I'd imagine there is fairly wide gap between having a simulation engine core and an useful engineering application
From academic side, I've found the work of Steinberg in this area extremely impressive. They are pushing the frontier to include more wave-optical phenomenon in the rendering. E.g. https://ssteinberg.xyz/2023/03/27/rtplt/
Well, everyone who can build this niche software is already employed to build it.
I think you’re overthinking this, e.g., Zemax’s optimization isn’t that different than the ray-tracing presented in this book. The sophistication truly comes from the users.
Yeah, perhaps.
But the heavy-hitters in this field all seem to have very old-timey UI's and out-of-this-world pricing.
Meanwhile, raytracing for computer graphics on GPU's is soooo performant-- it makes me wonder how much work needs to be done to make the equivalent of KiCAD for optical design.
You're missing the point. The difficulty is not in the ray tracing, etc. It is in understanding the domain of the software and what needs to be done to make it useful.
I completely agree that whatever simulation they have can be easily done better with modern GPUs.
> eye-wateringly expensive
For you.
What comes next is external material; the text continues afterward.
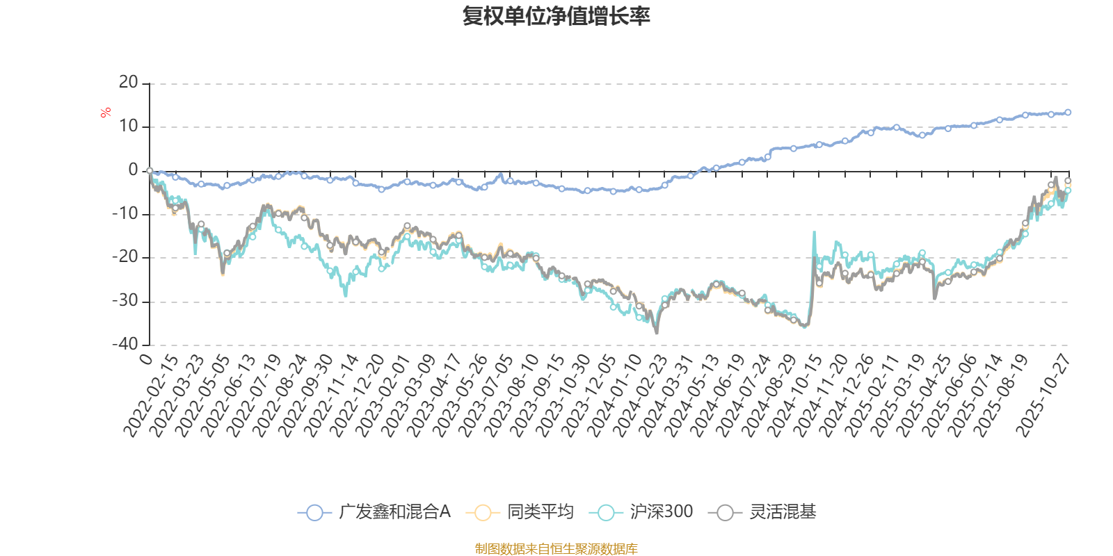 截至10月27日,广发鑫和混合A近三个月复权单位净值增长率为1.46%,位于同类可比基金1148/1287;近半年复权单位净值增长率为3.40%,位于同类可比基金1195/1287;近一年复权单位净值增长率为7.05%,位于同类可比基金1061/1287;近三年复权单位净值增长率为15.59%,位于同类可比基金624/1286。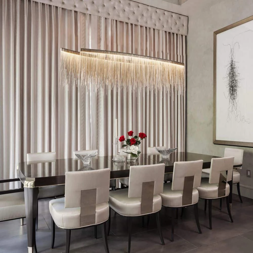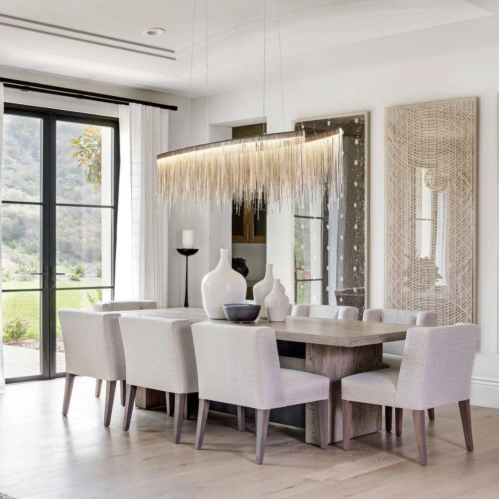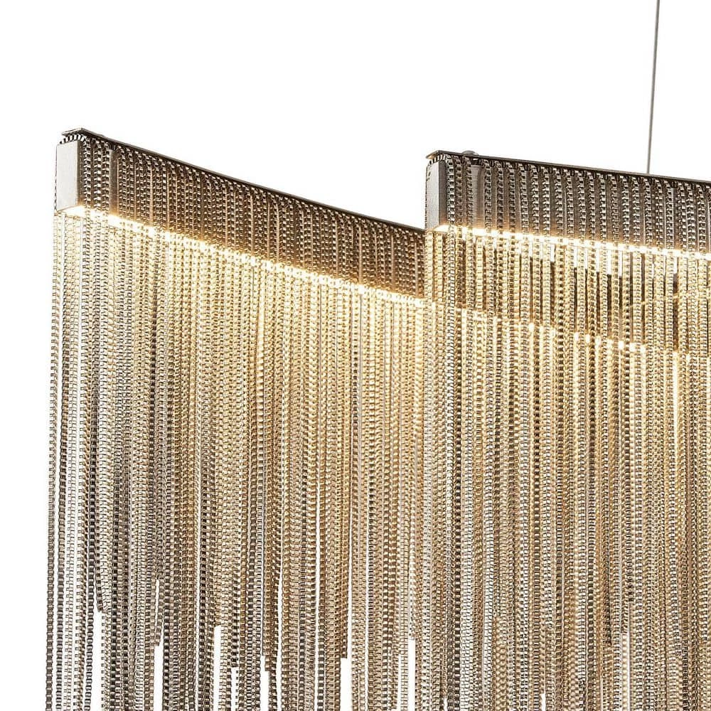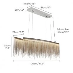 Luxury 47.2 in. led tassels chandelier, which owed two layer staggered tassel led light bar are suspended to form the lamp body, combined with the chrome frame, creating a modern and casual mixed style. The tassel led chandelier brings a serene look to a living room, breakfast nook or vaulted ceiling This versatile small chandelier is just as at home in a Southern-styled abode as it is in a seaside escape. This tasseled chandelier will add a decorative and functional finishing touch to a living room, dining room, bathroom, or entry.

Anyone doing design and manufacturing of optics will not blink at paying for software.
" I wonder how much work would be involved for someone to make optical design software that blows away the old tools"
Depending on use case, it already exists for gem cutters. We can simulate everything from RI to fluorescence excitation.
I predict PBR is going to fall to neural rendering. Diffusion models have been shown to learn all of the rules of optics and shaders, and they're instructable and generalizable. It's god mode for physics and is intuitive for laypersons to manipulate.
We're only at the leading edge of this, too.
Can you link the neural rendering animation you're talking about with some info on the total rendering times without any precomputation?